Açlık, Iyi Insanın Gıdâsı, Ibâdet Rûhunun Süsüdür
"İlk önce tevhide, yâni Allahü teâlânın birliğine ve şeriki (ortağı) olmadığına inanmaktır. İnanır ki: Allahü teâlâ vardır. O, alimdir (bilici), mâlûm (bilinmiş) değildir. O, kâdirdir (gücü yeten), makdûr (güç yetirilen) değildir. O her şeyi görür, kendisi görülmez. Rızıkları O verir. Yaratandır, yaratılmış değildir. Allahü teâlâ, ilim sıfatı ile âlimdir. Kudret sıfatı ile kâdirdir. O'nun isim ve sıfatları mahlûk değildir. Kıyâmet gününde müminler Allah'ı göreceklerdir. İnsan, amelleri sâyesinde değil, yalnız Allah'ın ihsânı ve takdiri ile Cennet'e girecektir. Allahü teâlâ birdir. Fakat bu birlik rakam cinsinden değildir. O birdir, fakat diğer şeyler (mahlûk olan varlıklar) gibi değildir. Yarattıklarından hiçbirine benzemez. Mülkünde hiçbir şey O'nun zıddı değildir. Yarattıklarının hiçbiri O'nun aynı değildir. Cisim ve cismâni değildir. Hiçbir hâdis (sonradan, yoktan var olanlar) veya hâdise O'nu kaplayamaz ve kaplayamayacaktır. Eşyâya hulûl etmez. Eşyâ da O'na hulûl edemez. Olmuş ve olacak her şeyi bilir. Henüz olmamış bir şeyin, nasıl olacağını bilir. Öncelik, sonralık ve zaman, mekân mahlûklar içindir. O, zamansız ve mekânsızdır."
"Başkasına el açacak duruma düşmek, Müslümana yakışmaz."
"Bir kimse, baş olma sevdâsına kapılırsa, artık ibâdetten, ihlâstan sıyrıldı demektir."
"İyi insanların, bütün varlığı ile bağlı olduğu murâdı, maksadı, Allahü teâlâ olmalıdır. Doğru, sâdık, kimselerle arkadaş olmalıdır. Açlık, iyi insanın gıdâsı, ibâdet rûhunun süsüdür."

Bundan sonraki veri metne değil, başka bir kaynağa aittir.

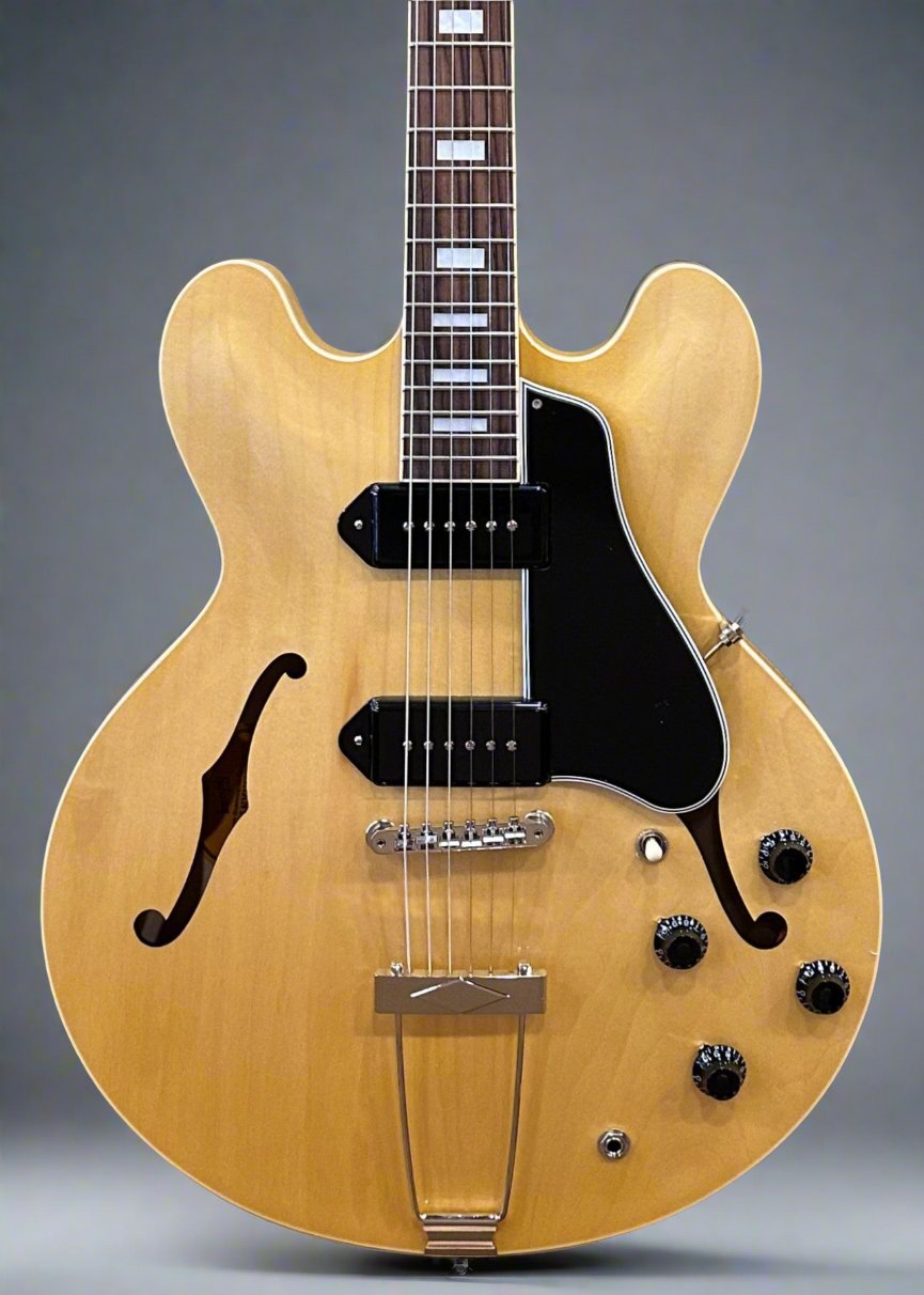 Antique Natural, Gloss nitrocellulose lacquer finish, Hollow 3-ply Maple/Poplar/Maple body, Rounded C shaped Mahogany neck, Bound 12” radius Indian Rosewood fingerboard with the acrylic small block inlays and medium jumbo frets, 24.75" scale length, 1.69" nut width, Dogear P-90 bridge and neck pickups, 3-way toggle switching with volume and tone controls for each pickup, ABR-1 tune-o-matic bridge and tarpeze tailpiece, Gibson vintage deluxe tuners, 6.3 pounds, With hardshell case

"Allahü teâlâ dünyâyı lezzetlerle ve âfetlerle doldurdu. Helâlleri güçlüklerle, haramları da mesûliyetlerle berâber kıldı."
"Başkasının sözlerini ve hâllerini iyiye tevil etmek mümkün ise, kötü tevil yapmayacak ve hücûm edenlerin hücûmunu delilsiz kabul etmeyecek kadar hüsn-i zan ve iyi düşünce sâhibi ol."
"Akıllı insan, önce itikâdını düzeltir ve Rabbine ulaşmaya hazırlanır. Niyetini hâlis yapar, işlerini temiz kılar. İbâdetini güzel yapar ve âhiret azığı toplar. Kendisinin başıboş yaratılmadığını bilir."